Shadrach, Meshach, and Abednego, because of their strong faith and witness, found themselves in a Red Zone. The three were thrown into a fiery furnace, and when the king looked into the flames, he saw not three but four in the fire (Daniel 3). God does not always take us from the fire. He could and often does spare us from our worst disasters, many we will never even know we missed. But in those times when we face the worst, He is always present with us in the fire.
Watchmen see that oppression is increasing. Prophecy notes that in the last days, “love will grow cold” (Matt. 24:12b). The influence of the church in society will wane, and evil will rise. That prophecy is being fulfilled before our eyes.
More and more, believers will find themselves in some form of Red Zone. Like Shadrach, Meshach, and Abednego, some believers will experience trouble standing up for good and God. Like the wandering Hebrews, some will find themselves in a Red Zone because of their own disobedience or lack of faith.
Like my daughter, the innocent and gentle are not immune to trials or injustice. However, just as many years ago, my teary daughter looked up from her Red Zone and saw a friendly face—we can too. And as she was comforted by one who loved her enough to cross the playground to be with her, we can find comfort too.
If we view life through the eyes of faith, we can look up and see compassion in the eyes of our Savior in times of trouble. We can rejoice that Jesus crossed over to this world to save us from the power of sin and death, and to “empathize with our weaknesses” (Heb. 4:15).

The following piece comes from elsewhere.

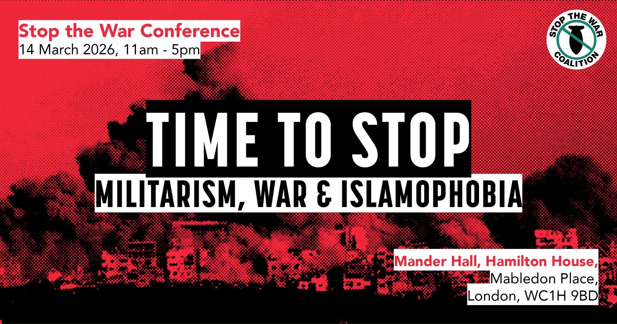 Our annual conference in London on 14 March, headlined Time to Stop Militarism, War and Islamophobia, brings together key figures in the movement and experts to assess this alarming situation and discuss how to respond. As well as plenary discussions there will be workshops on key issues and flashpoints.

Have hope when you’re in the Red Zone because Jesus cares. He stands with us, renews us, and loves us. That’s why Paul wrote, “[since] God is for us, who can be against us?” (Rom. 8:31).
Watchmen, Jesus promised a Red Zone: “in the world, there WILL be tribulation.” There will be times you feel ashamed and alone. In those moments, don’t cower; position yourself to defeat the enemy. Remember, Jesus is with you, and in Him, we are promised victory (1 Cor. 15:57).
When you are brought low, look up, see His face, receive His grace, and know everything will be okay.